BUSINESSOPINIONI

La Cina sgonfia una bolla e ne prepara un’altra

Il boom cinese delle vendite di veicoli verdi è andato di pari passo con la corsa all’oro degli incentivi

$4,5 miliardi di sussidi per i veicoli verdi possono fare miracoli. E anche finti miracoli. È quello che ha scoperto la Cina: lo scorso anno ha sborsato quella colossale cifra puntando a ridurre i gravissimi problemi di inquinamento ed allo stesso tempo dando un impulso alla qualità della propria manifattura. Adesso viaggia verso stime di vendite annuali di circa 600.000 NEV (veicoli elettrici o ibride plug-in) il triplo del livello americano. Ma si tratta ancora di una quota solo dell’1,4% del mercato totale e, soprattutto, ha generato una inflazione di costruttori o aspiranti tali.

Molti infatti, sono parsi più interessati a mettere le mani sui sussidi che a creare una “Tesla cinese”. Il governo, che punta a tre milioni di vetture verdi vendute nel 2025, ha offerto sussidi che arrivano al 60% del prezzo di alcune auto elettriche. Per poi scoprire, come riferiva Michael J. Dunne su Forbes, che lo scorso anno sono state vendute circa 30.000 vetture più di quelle effettivamente immatricolate. Inoltre, con quasi 200 aziende che hanno iniziato progetti di vetture a zero emissioni, ben difficilmente è possibile raggiungere quelle economie di scala che portano efficienza.

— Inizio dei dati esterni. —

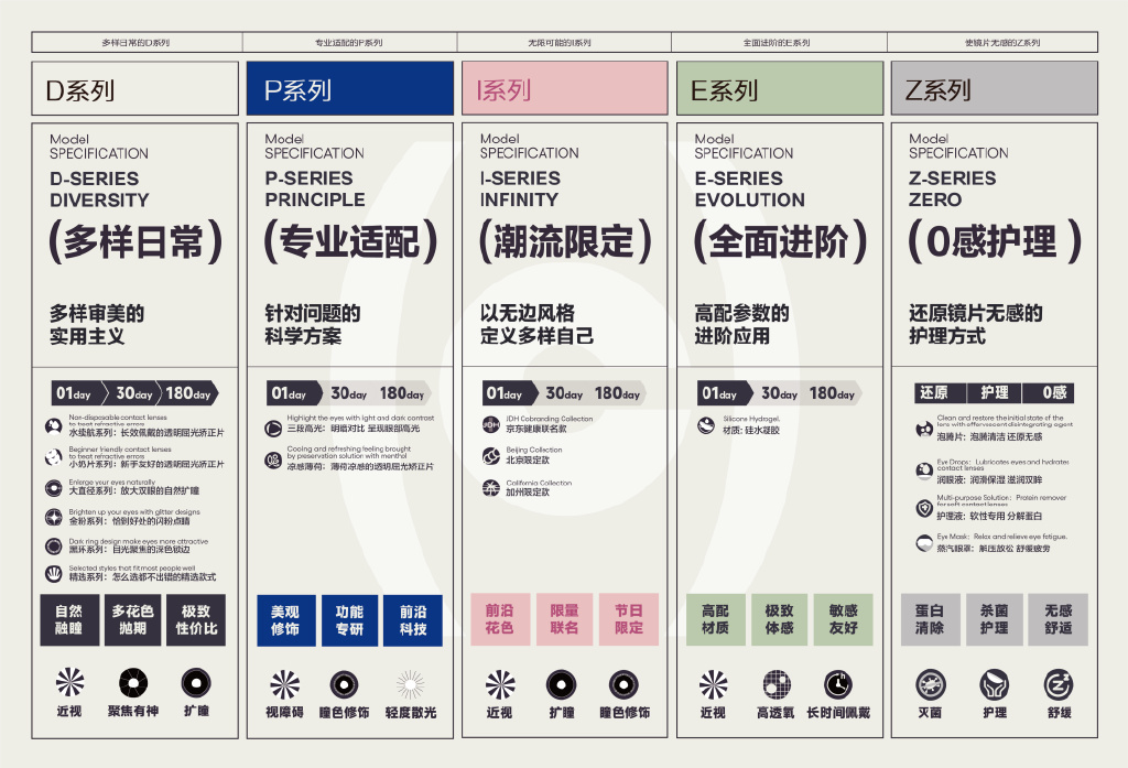 这样全新的划分模式,不是按照传统的白片或者彩片来划,是按照用的使用习惯,和日常配戴市场需求来去做划分的,每一个系列恰好满足了相同的使用者的日常配戴市场需求。

Il programma, che riguardava quasi esclusivamente costruttori nazionali, ha comunque messo le basi del boom di vendite di alcune società come la leader BYD (62.ooo vendute lo scorso anno), SAIC e Geely. Ma negli altri casi ha messo in moto investimenti azzardati verso progetti a volte più ambiziosi che solidi. L’ultima in ordine di tempo è stata la WM Motor guidata da Freeman Shen. Proveniente dal costruttore Geely, il creatore della startup non ha voluto rivelare a Fortune da dove provengano i fondi.

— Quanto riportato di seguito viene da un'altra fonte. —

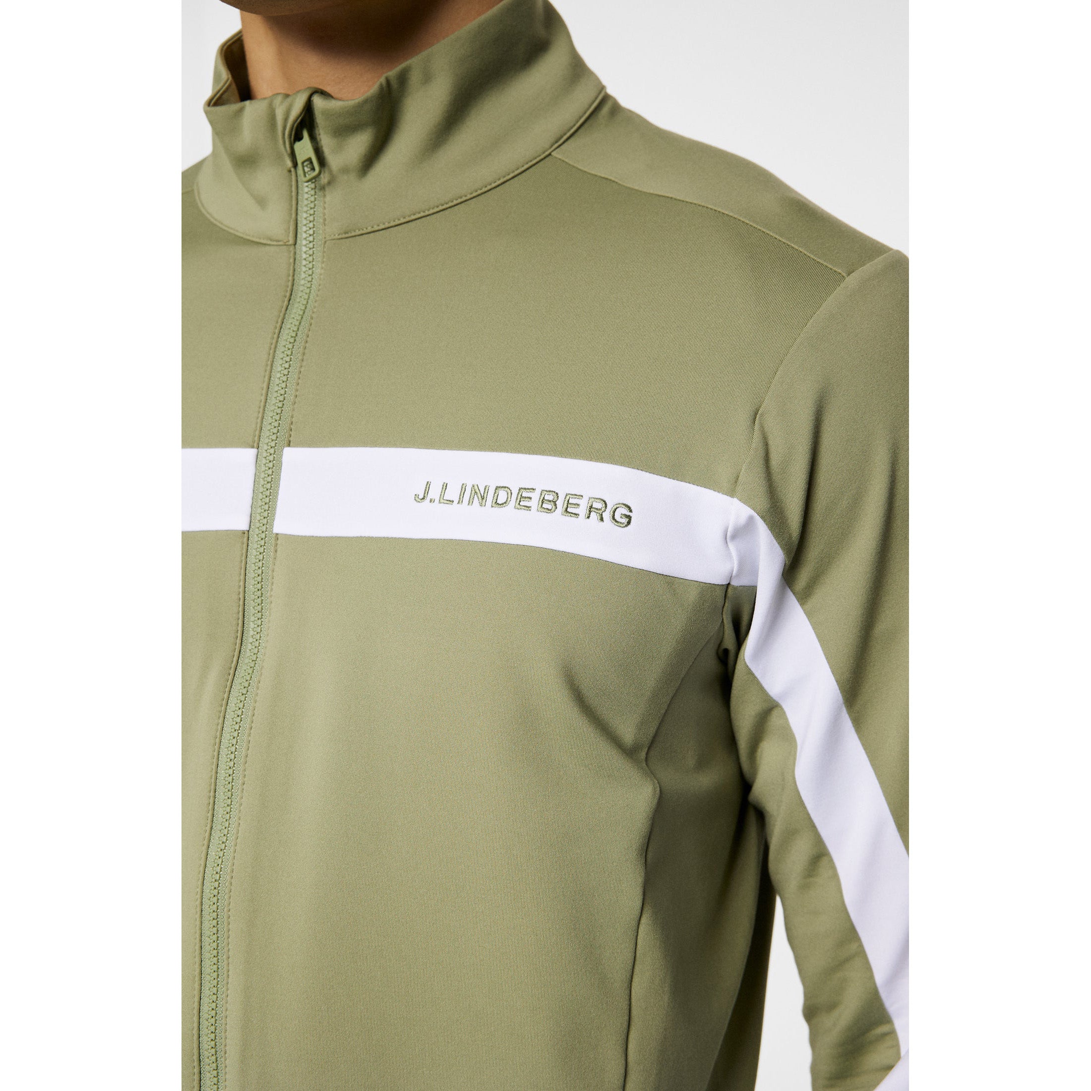 Features J.Lindeberg embroidery at the chest and a cut-and-sewn contrast bridge detail at the back, adding a modern, distinctive touch.

Fondi che a altre nuove arrivate non sembra manchino: LeEco il 10 agosto scorso ha annunciato $1,8 miliardi di investimenti per costruire una fabbrica di auto elettriche nella Cina orientale. L’agenzia Reuters ha riferito che la prima fabbrica di LeEco dovrebbe essere costruita in due fasi, nella contea di Deqing ed una volta completata (l’azienda non ha indicato una data prevista) l’obiettivo produttivo iniziale per lo stabilimento posto vicino alla città della Cina orientale di Hangzhou sarebbe stato di 200.000 vetture. Dietro alla società c’è un magnate di internet: Jia Yueting. Come se Netflix dicesse che domani sfiderà Tesla e/o Mercedes-Benz. Salvo scoprire che ancora non ha ottenuto una licenza di costruttore auto…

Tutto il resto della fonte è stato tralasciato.